■ Work to complete
Copy the data exactly from the line that contains "When a healthcare" through the line that contains "Obverse: The coat", keeping both end lines and leaving out everything else.

■ Provided data
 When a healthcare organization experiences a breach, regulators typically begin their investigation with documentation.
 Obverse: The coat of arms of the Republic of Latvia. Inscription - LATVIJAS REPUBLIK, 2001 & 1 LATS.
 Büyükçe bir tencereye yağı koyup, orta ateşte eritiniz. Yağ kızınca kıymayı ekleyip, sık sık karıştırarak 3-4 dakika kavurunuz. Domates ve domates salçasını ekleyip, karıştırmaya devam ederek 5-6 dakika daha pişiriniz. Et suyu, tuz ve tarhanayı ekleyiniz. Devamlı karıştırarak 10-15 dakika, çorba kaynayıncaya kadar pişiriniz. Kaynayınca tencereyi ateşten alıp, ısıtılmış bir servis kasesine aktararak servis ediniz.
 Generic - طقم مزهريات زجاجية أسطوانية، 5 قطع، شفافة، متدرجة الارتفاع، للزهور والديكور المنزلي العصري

---

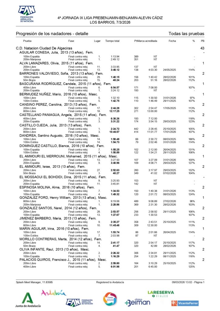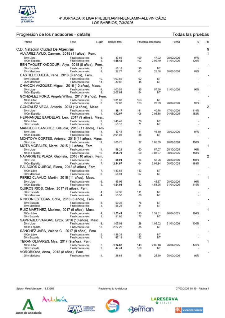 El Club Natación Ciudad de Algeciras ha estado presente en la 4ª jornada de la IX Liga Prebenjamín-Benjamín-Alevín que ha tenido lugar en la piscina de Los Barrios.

==

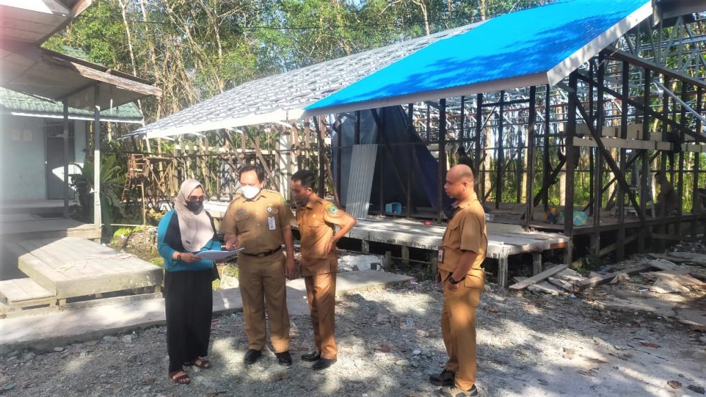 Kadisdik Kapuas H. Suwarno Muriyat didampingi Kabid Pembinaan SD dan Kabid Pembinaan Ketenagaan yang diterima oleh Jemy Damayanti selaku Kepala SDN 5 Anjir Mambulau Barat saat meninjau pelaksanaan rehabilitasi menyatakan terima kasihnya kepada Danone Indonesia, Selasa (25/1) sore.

■ Response area
 When a healthcare organization experiences a breach, regulators typically begin their investigation with documentation.
 Obverse: The coat of arms of the Republic of Latvia. Inscription - LATVIJAS REPUBLIK, 2001 & 1 LATS.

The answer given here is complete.